Шрифт:
Закладка:
Вэнго поднял над головой бубен, сильно ударил в него колотушкой, рассыпая целый каскад звуков, охвативших таинственой силой своего звучания всех в юрте. Шаман низко поклонился, раскланялся, заглядывая в трубу чувала, и замер в выжидающей позе. Наступила тревожная пауза. Куда смотрел Вэнго, что он видел в черном отверстии чувала? Кого он ждал с таким нетерпением?
В каскаде звуков грохочущего бубна вдруг раздался голос шамана:
— Вот они пришли... пришли духи... Я долго вас ждал. Теперь я слышу — вы здесь,
Вэнго, ударяя в бубен, стал петь, Его пение вначале было монотонным. Затем оно сменилось целой гаммой различных по тональности звуков, которые вместе с грохотом бубна и перезвоном колокольчиков расплывались в широкую полифонию целого оркестра, превращая камлание шамана в сложнейшую музыкально-театральную драму.

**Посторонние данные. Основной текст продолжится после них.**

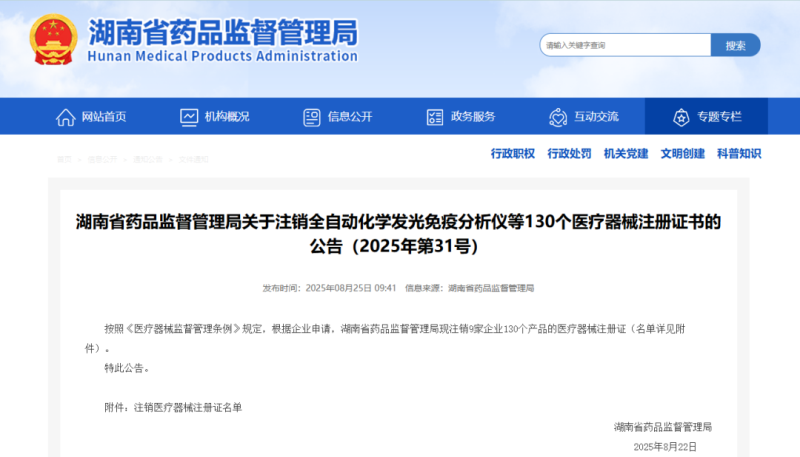 8月25日,湖南省藥監(jiān)局發(fā)布一則醫(yī)療器械注冊(cè)證注銷公告,公告顯示,該局已依法注銷湖南明德醫(yī)療器械有限公司、湖南雷杜生物技術(shù)有限公司、湖南宜樂芯康生物科技有限公司、長(zhǎng)沙市鵬瑞生物科技有限公司等9家企業(yè)共計(jì)130個(gè)產(chǎn)品的醫(yī)療器械注冊(cè)證,以IVD產(chǎn)品居多,其中湖南明德醫(yī)療器械有限公司這一家企業(yè)共注銷了78款產(chǎn)品(含體外診斷設(shè)備及體外診斷試劑),其他企業(yè)注銷的產(chǎn)品包括醫(yī)用紅外耳溫計(jì)、特定電磁波治療器、掌上彩色多普勒超聲顯像儀等,具體明細(xì)如下:

Реальный мир исчез. Все утонуло в море звуков и все летело куда-то в бесконечность. Вэнго высоко поднял бубен над головой, всматриваясь в изображение “третьего” мира — мира Вселенной, и внезапно оборвал все звуки. Пауза, полная загадочного молчания, была не менее таинственной и внушительной, чем сама драма. Она еще больше погружала в какое-то странное небытие, безмолвием обостряя то, что и без того заполнило всю душу.
Шаман снова ударил в бубен и стал высоко подпрыгивать на месте. Казалось, Вэнго парил в воздухе, не касаясь ногами пола. Усыпленное гипнозом шамана сознание рисовало какие-то крылья, крепко скрепленные за его спиной, они несли его в пространство, стремительно и быстро, с каким-то диким свистом встречного ветра.
— Вы слышите... слышите... Все духи предков летят вместе с нами... просите у них ящериц... возьмите их в левую руку... держите их, не отпускайте... оторвите им хвосты, дайте их мне, я брошу их на угли чувала. Смотрите, смотрите как они прыгают на костре. Это ваши болезни и порчи злых духов. Они погибают в огне. Пусть огонь сделается дымом и унесет их из вашего дома...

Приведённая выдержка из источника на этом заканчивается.